Type Definition Example Applications
Binary Two possible outcomes (Yes/No, 0/1) Subscription status, churn indicator
Time-Series Observations recorded sequentially over time Daily sales, hourly temperature
Textual / Unstructured Words, sentences, or documents Customer reviews, tweets
Spatial / Geographical Location-based information Store coordinates, delivery zones

Flowchart

%%{init: {"theme": "default", "logLevel": "fatal"}}%%
graph TD
    A["Data Types"] --> B["Qualitative (Categorical)"]
    A --> C["Quantitative (Numerical)"]

    B --> D["Nominal"]
    B --> E["Ordinal"]

    C --> F["Discrete"]
    C --> G["Continuous"]

    A --> H["Other Types"]
    H --> I["Binary"]
    H --> J["Time-Series"]
    H --> K["Textual / Unstructured"]
    H --> L["Spatial / Geographical"]

Measures of Central Tendency

Once we understand our data types, the next step is to summarize them with simple, representative numbers.
These are called measures of central tendency, and they tell us where the “center” of our data lies.

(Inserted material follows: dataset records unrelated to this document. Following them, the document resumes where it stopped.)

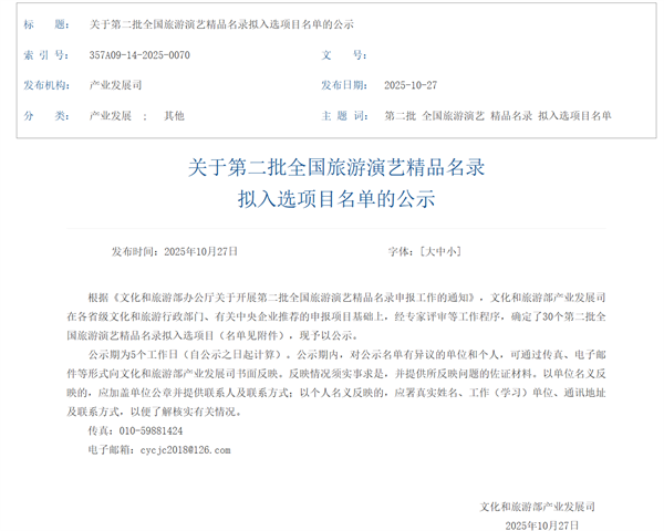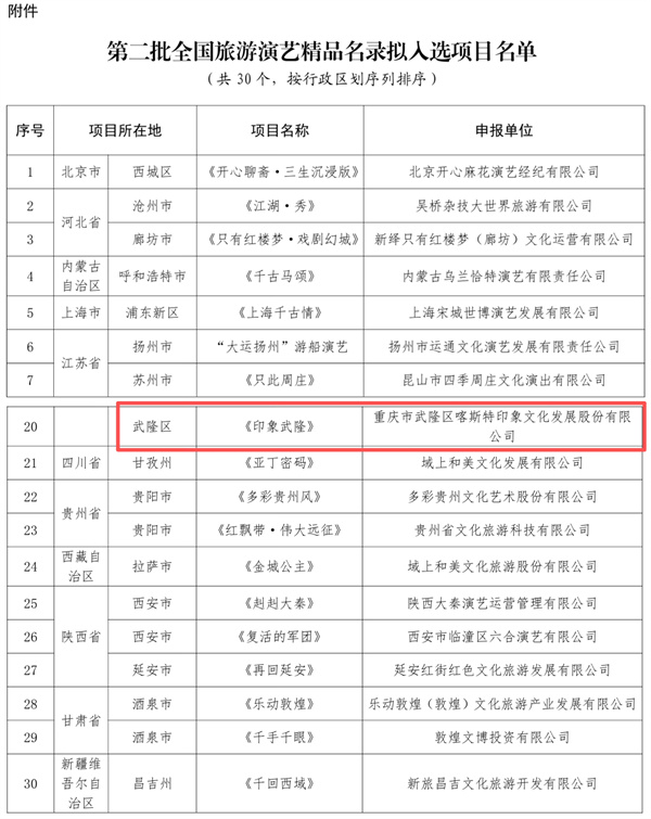 近日,文化和旅游部正式公布第二批全国旅游演艺精品名录,全国30个项目脱颖而出。其中,大型山水实景演出《印象武隆》凭借独特的文化内核与艺术魅力成功入选。
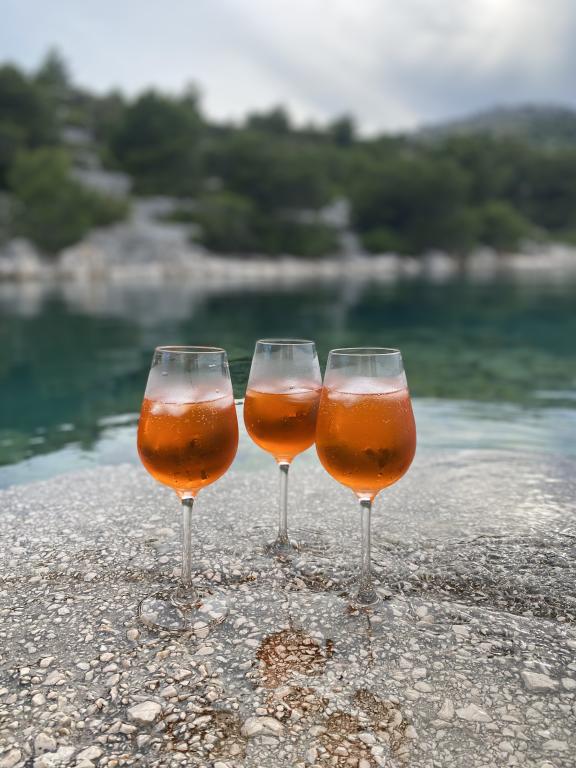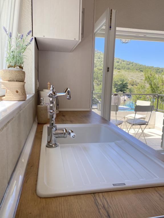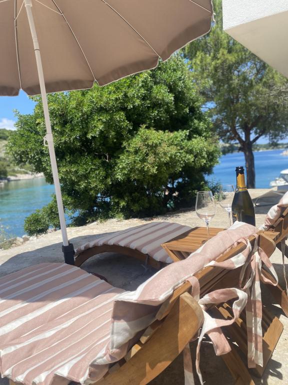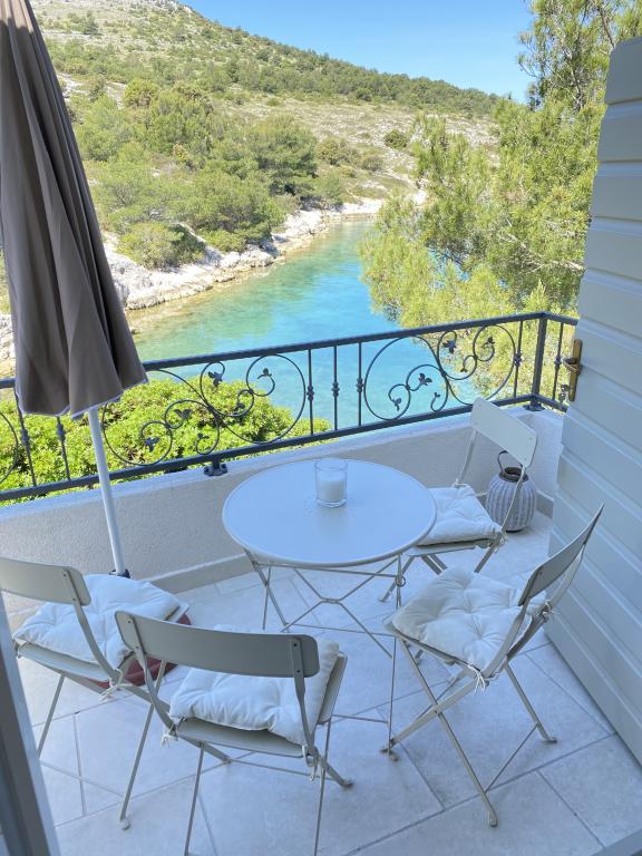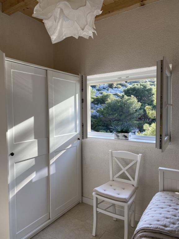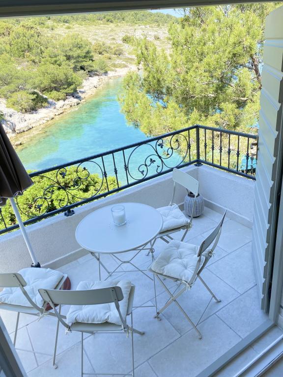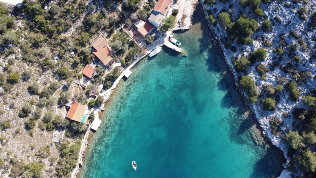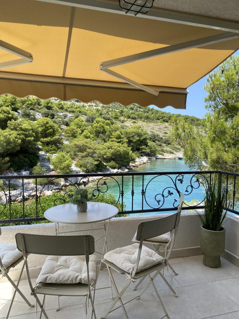 La maison de vacances « Levina », récemment construite, est située dans une oasis de verdure et de calme, un lieu idéal pour se détendre et profiter. Décorée dans un style champêtre, elle se trouve à 10 mètres de la mer, dans la baie. Le balcon offre une vue magnifique sur la mer. La baie, verdoyante et isolée, vous offrira une sensation de calme et de beauté. Il y a peu d'autres maisons dans la baie. La maison comprend deux chambres, une salle de bain avec douche, un balcon avec une vue magnifique et une terrasse extérieure avec barbecue. La maison est équipée d'un climatiseur portable et d'un ventilateur. Au sens figuré, l'eau sur l'île vaut de l'or ; il faut donc l'utiliser avec parcimonie. L'eau provient de sources naturelles et de l'eau de pluie. Elle n'est pas potable, mais peut être utilisée pour la douche et le lavage. De bons restaurants, la marina ACI et un marché se trouvent dans la baie voisine. Comptez environ 20 minutes de marche le long des rochers ou en bateau pour vous y rendre. Vous êtes littéralement à l'entrée du parc national des Kornati. Il est préférable de faire vos courses et de vous procurer de l'eau potable au port de départ.
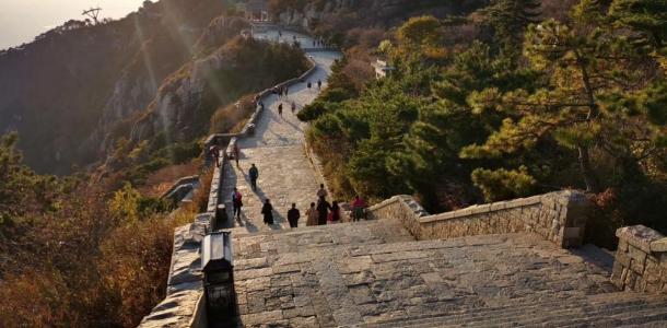 十八盘是泰山登山盘路中最险要的一段,也是泰山的主要标志之一,更是泰山最值的一走的景点。从对松山谷底至南天门的山路统称为“十八盘”,共有1600多级台阶。前393级称慢十八盘;中767级为不紧不慢十八盘;后473级为紧十八盘。当地有
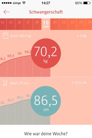 Ich finde die App für ein paar kurze Infos zur Woche prima, und auch die Ratschläge, die man nachlesen kann, gefallen mir. Mir gefallen auch die Abbildungen der Entwicklungsstände gut, und die Funktion für das Fotoalbum. Ich würde mir noch ein paar mehr Infos zum Körper der werdenden Mütter wünschen, es passiert ja doch viel...
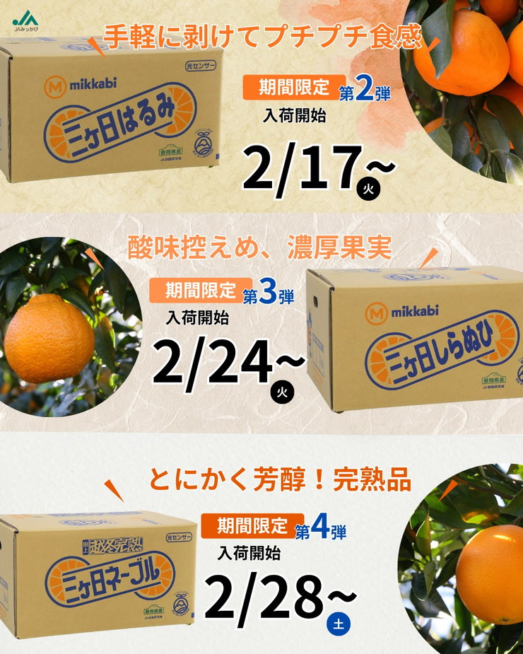 「三ヶ日みかん」に加え、季節の柑橘が順次入荷いたします。
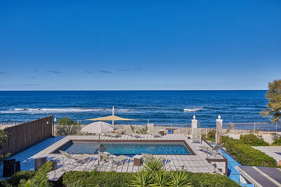 Seafront villa near Cefalù with direct beach access, saltwater pool, spacious outdoor areas, modern interiors, BBQ, four double bedrooms, a twin, and four bathrooms.

The three most common measures are:

  • Mean — the average value
  • Median — the middle value
  • Mode — the most frequent value

Mean

The mean is the sum of all values divided by the number of observations.

Example Calculation
Data: 5, 7, 8, 10 Mean = (5 + 7 + 8 + 10) / 4 = 7.5

Sample Mean

\[ \bar{x} = \frac{\sum_{i=1}^{n} x_i}{n} \]

Population Mean

(same, only notation is different)

\[ \mu = \frac{\sum_{i=1}^{N} x_i}{N} \]

Weighted Mean

Type Score Weight (%)
Exam 94 50
Project 92 35
Homework 100 15

(Weights do not need to add up to one!)

\[ \bar{x} = \frac{\displaystyle \sum_{i=1}^{n} (w_i x_i)} {\displaystyle \sum_{i=1}^{n} w_i} \]

Sample Mean Example

When to Use:
- Conveinent measurement clear to everybody - Works well with continuous or discrete numerical data.
- Sensitive to outliers (extreme values can distort the result).

Given the 5 observations:

\[ \bar{x} = \frac{\sum_{i=1}^{5} x_i}{5} = \frac{14.2 + 19.6 + 22.7 + 13.1 + 20.9}{5} = \frac{90.5}{5} = 18.1 \ \]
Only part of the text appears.